Of course, computers can be used to play grandmaster level chess (chess_computer), but can they make scientific discoveries? Researchers from the US Department of Energy's Lawrence Berkeley National Laboratory (Berkeley Lab) have shown that an algorithm without training in materials science can scan the text of millions of papers and uncover new scientific knowledge.
A group led by Anubhav Jain, a scientist at Berkeley Lab's Energy Conservation and Distributed Resources department, collected 3.3 million abstracts of published material papers and fed them into an algorithm called Word2vec. By analyzing the relationship between words, the algorithm was able to predict discoveries of new thermoelectric materials in advance and suggest yet unknown materials as candidates for thermoelectric materials.
"Without telling anything about material science, you learned concepts like the periodic table and crystal structure of metals," said jain. "It suggested the potential of the technique. But probably the most interesting thing we figured out is that you can use this algorithm to solve gaps in material research, things that people need to study but haven't studied so far."

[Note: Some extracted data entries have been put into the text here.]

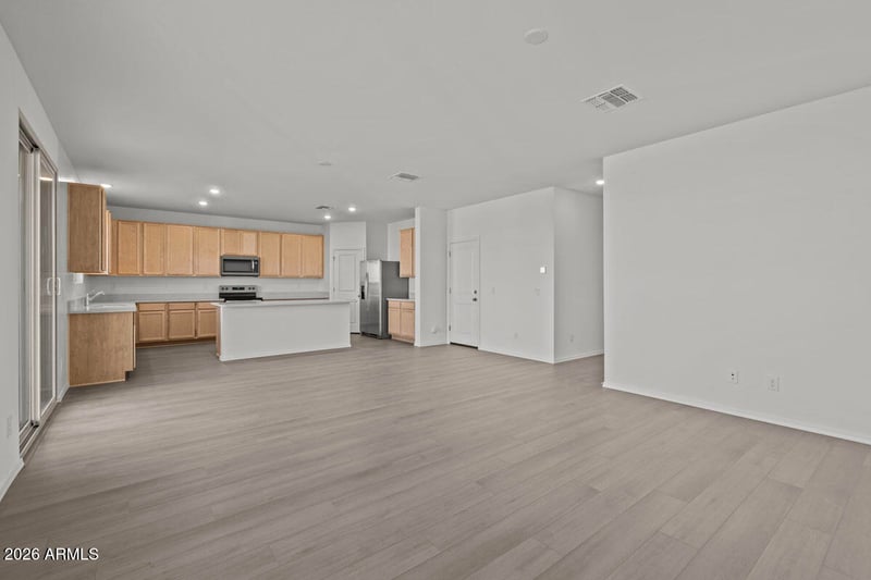 Listing details for 33706 Hosta Dr, San Tan Valley, AZ 85140 : This two-story home features an open floor plan with 9-ft. first-floor ceilings and a spacious great room that seamlessly connects the living and dining areas. An extended covered patio is the perfect setting for entertaining loved ones or quiet relaxation. Beautiful vinyl plank flooring extends throughout the first level, bathrooms and laundry, while plush carpet adds warmth and comfort upstairs. The modern kitchen showcases 42-in. upper cabinets, sleek quartz countertops, a large center island and a walk-in pantry. An open den offers flexible space for a home office or game room. Upstairs, a generous loft creates an inviting spot for family movie nights. The primary suite includes an en suite bath with a walk-in shower, dual-sink vanity and oversized closet. Additional highlights includ
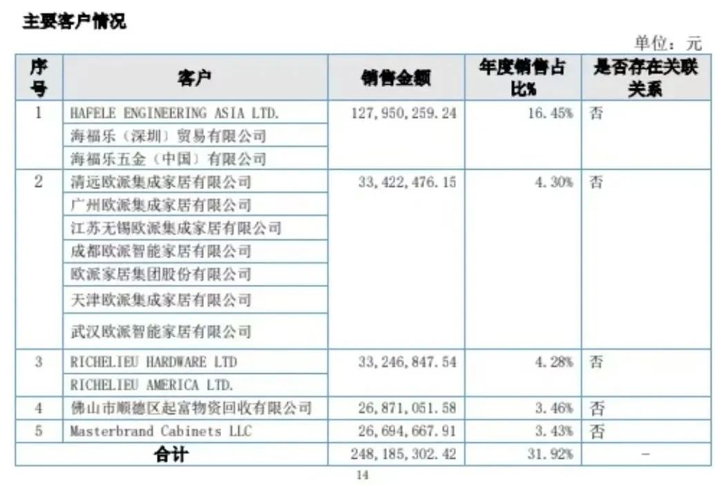 根据公转书披露华融配资,2024年上半年公司前三大销售客户分别是HAFELE ENGINEERING ASIA LTD.、欧派家居集团股份有限公司、广州中轻进出口有限公司。销售额分别是7635.49万元、1465.61万元、1281.25万元。
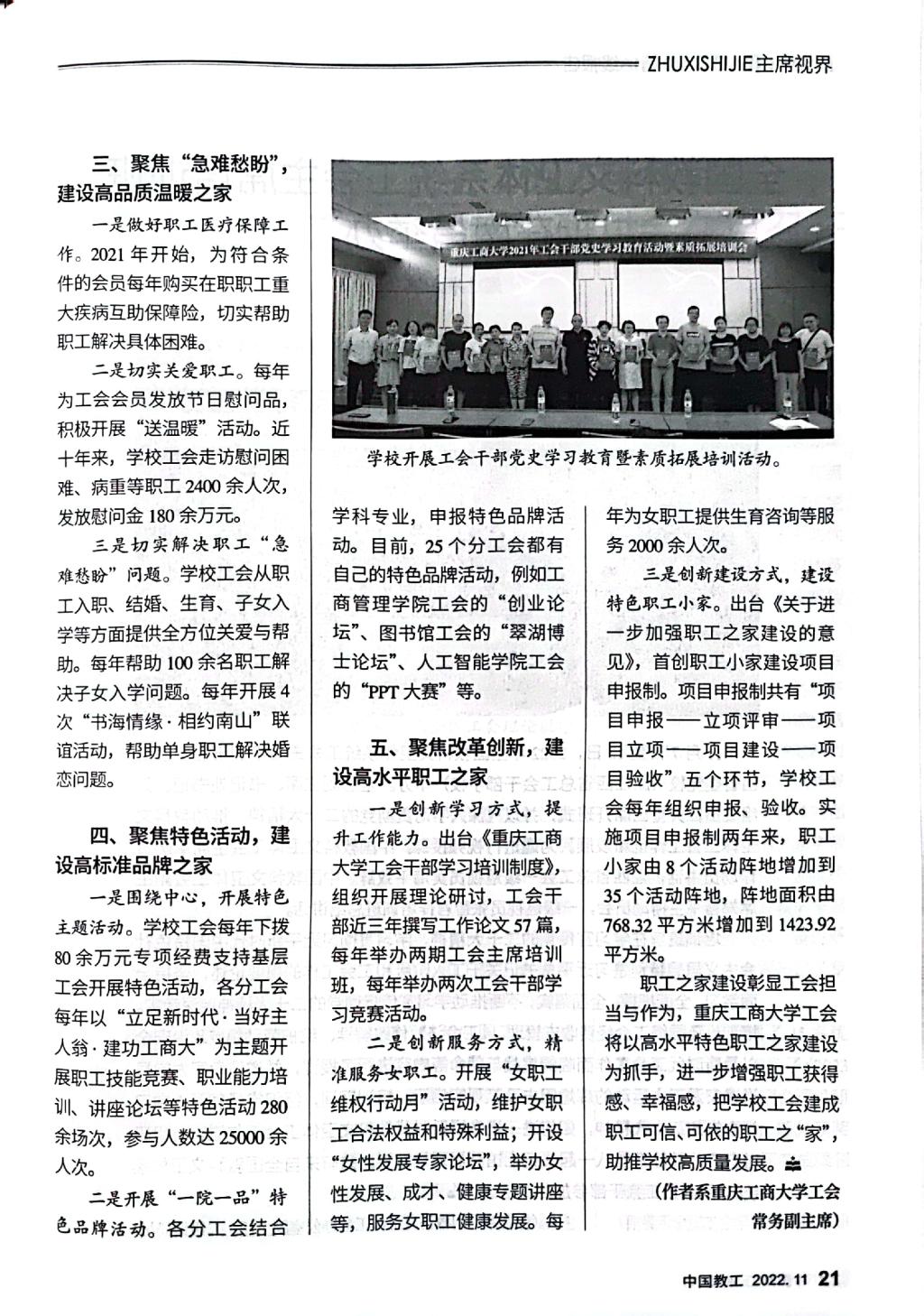 《中国教工》是中华全国总工会主管的中国教科文卫体工会会刊,该刊2022年第11期刊发了我校工会以《建设温暖职工之家,服务学校高质量发展——九州登录地址_九州(中国)职工之家建设探索与实践》为题的职工之家建设经验文章。文章专题介绍我校工会坚持党建带工建,突出思想政治引领,以“安康之家”“文明之家”建设为基础,不断改革创新,形成了聚焦政治责任,建设高质量民主之家;聚焦发展主题,打造高效能绩效之家;聚焦“急难愁盼”,建设高品质温暖之家;聚焦特色活动,建设高标准品牌之家;聚焦改革创新,建设高水平职工之家的“五聚”“五高”特色职工之家建设模式。
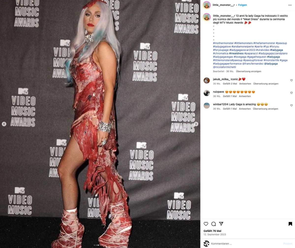 The legendary meat dress by American designer Franc Fernandez, worn by Lady Gaga at the 2010 Video Music Awards when she received the Video of the Year Award for „Bad Romance“, was professionally preserved after the performance - dried and prepared. Fernandez told USA Today that he sourced the beef from his family's slaughterhouse and spent two days crafting the dress.
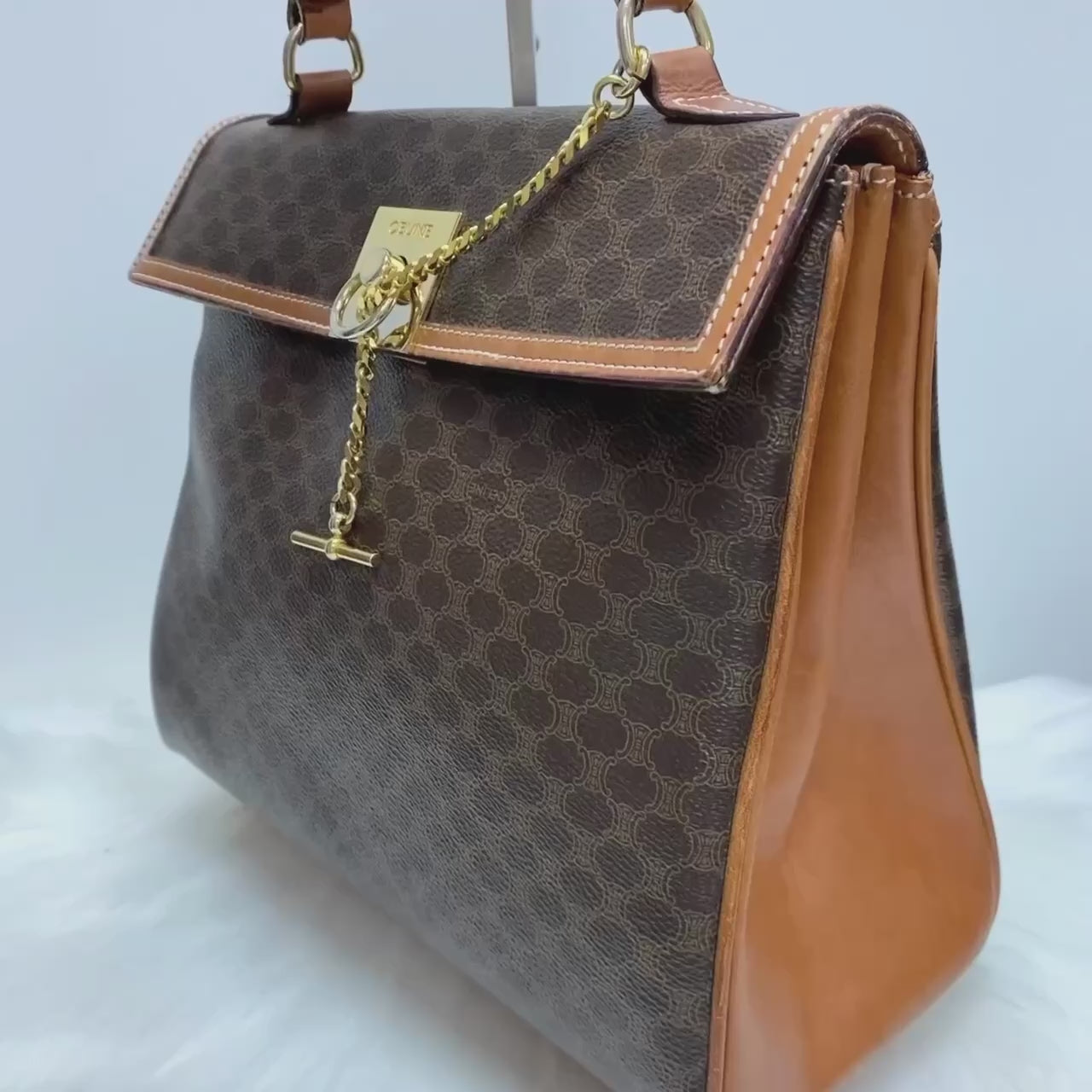 超復古的Celine款❤️整體狀態很不錯,超特別的手袋開關小金鏈設計,是中古的Celine屬有~
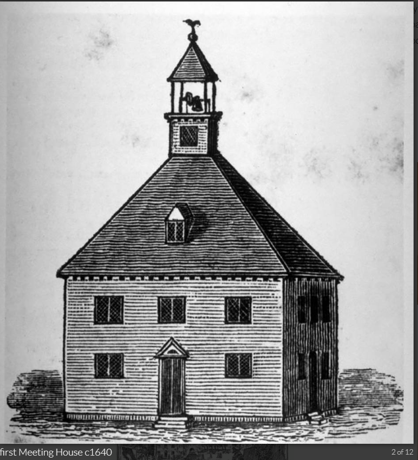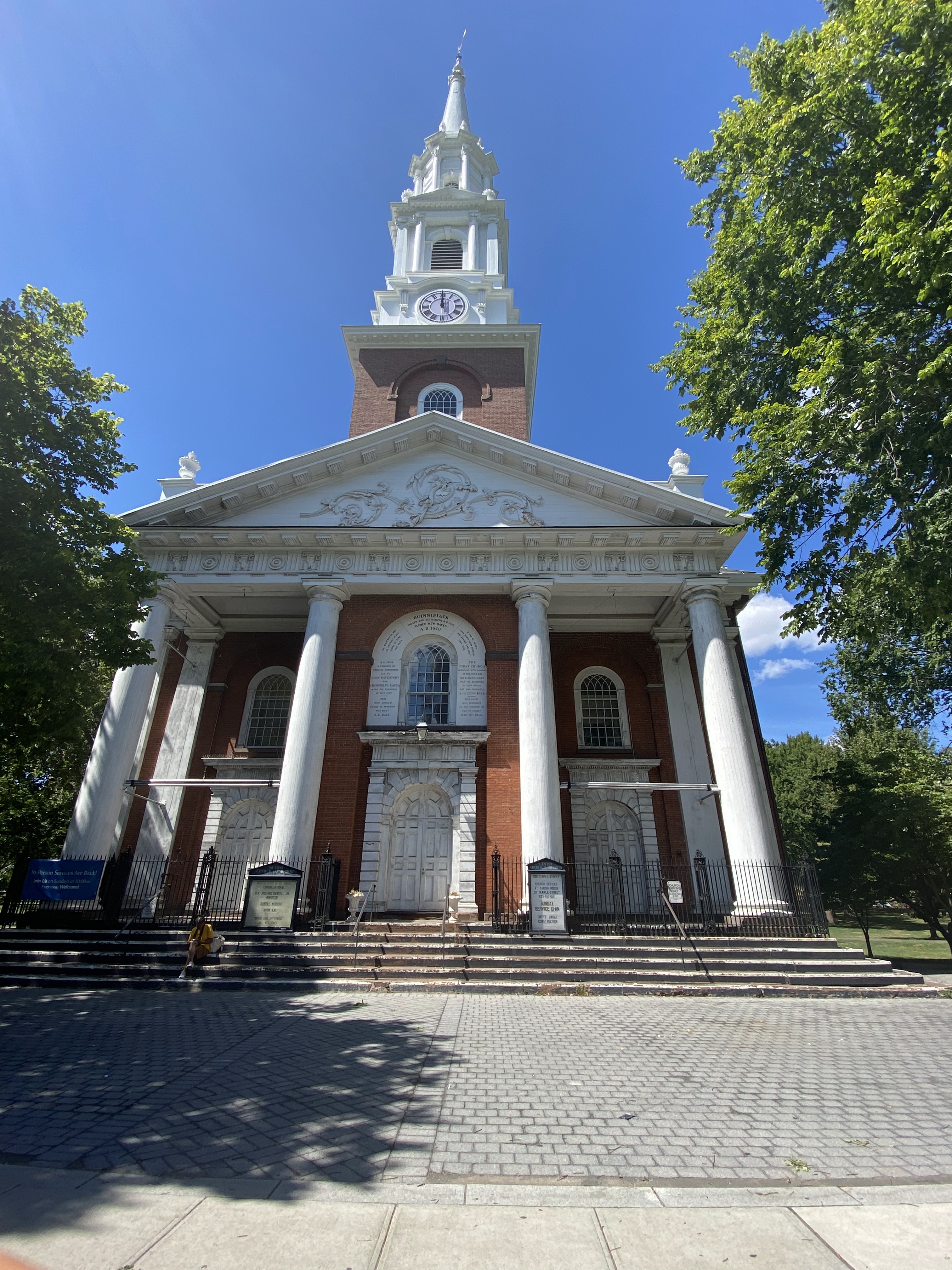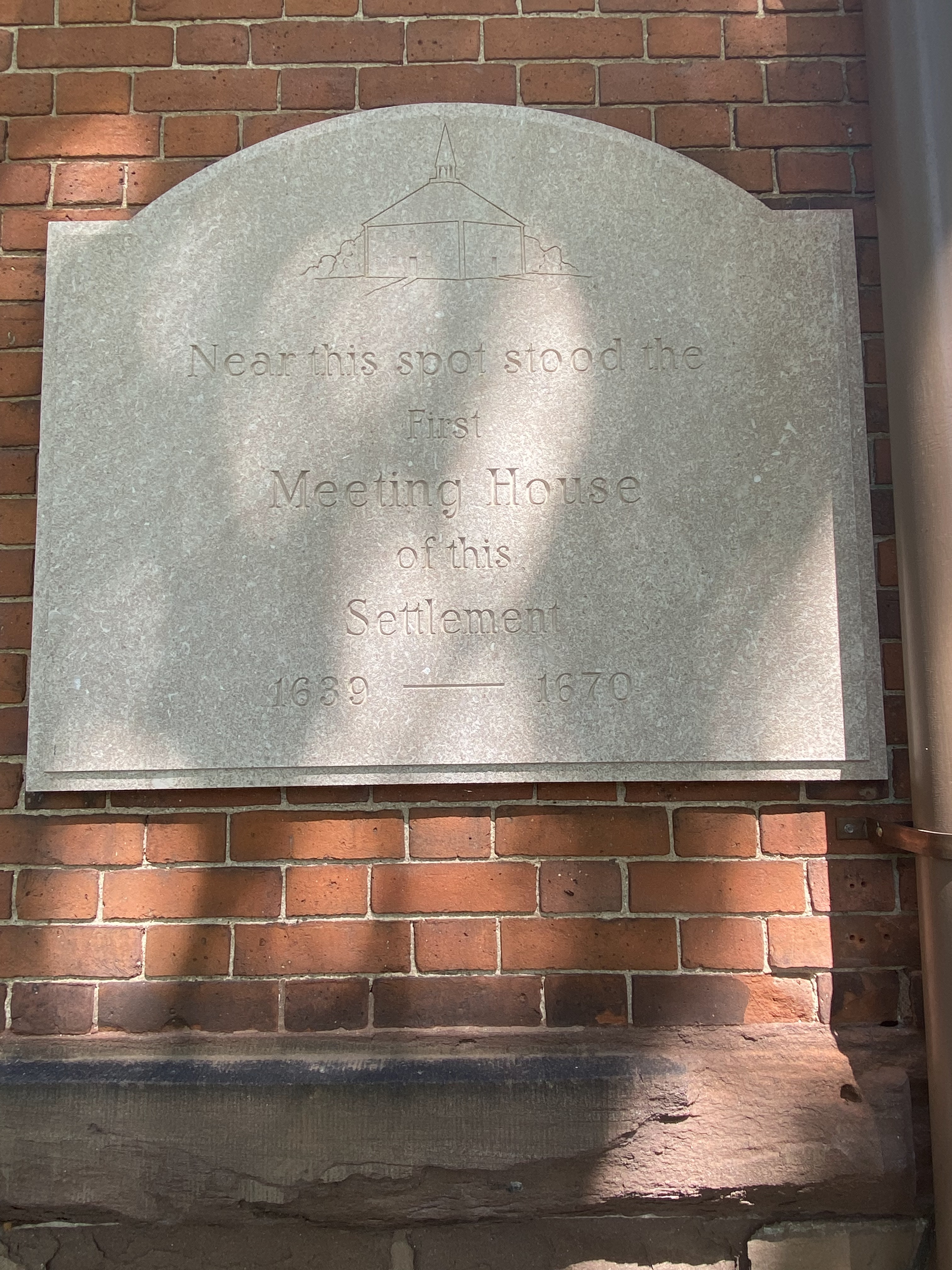 The present Meeting House, built 1812-1814, is the fourth meeting house of the congregation. The edifice was built over the colony’s ancient burial grounds on the Green, and thus the basement with numerous burial stones is referred to as the Crypt. source
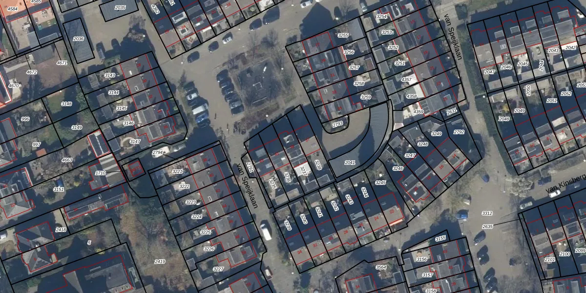 van Speijklaan 39 is gelegen op kadastraal perceel BAA01M3237. Deze kadastrale aanduiding is uniek en wordt gebruikt door het Kadaster om eigendomsrechten en andere zakelijke rechten vast te leggen. Het perceel maakt onderdeel uit van de kadastrale gemeente Baarn.

The results were published on July 3 in the journal Nature . The main author of the study, "Unsupervised Word Embedding Capture Latent Knowledge from Materials Science Literature," is Vahe Tshitoyan, a Berkeley Lab Postdoctor who is now working at Google. Together with Jain, Berkeley Lab researchers helped Kristin Persson and Gerbrand Ceder lead the study.
"In the paper, it is stated that textual extraction of scientific literature can uncover hidden knowledge and that pure text-based extraction can create basic scientific knowledge" Ceder, who also has an agreement at UC Berkeley's Materials Science and Technology Department.
Tshitoyan said the project was motivated by the difficulties in understanding the overwhelming amount of published studies. "In every field of research, there are 1
The King-Queen + team gathered 3.3 million abstracts from papers published in more than 1,000 journals between 1922 and 2018. Word2vec each took approx. 500,000 different words in these abstracts and each turned to a 200-dimensional vector or an array of 200 numbers.
"What is important is not every number, but using the numbers to see how words are related to each other," says Jain, who heads a group working on discovery and design of new materials for energy consumption using of a mixture of theory, calculation and data mining. "For example, you can drag vectors using standard vector mathematics. Other researchers have shown that if you train the algorithm on non-scientific text sources and take the vector that comes from" + minus queen ", you get the same results as a man less woman & # 39; it describes the relationship without telling anything about it. "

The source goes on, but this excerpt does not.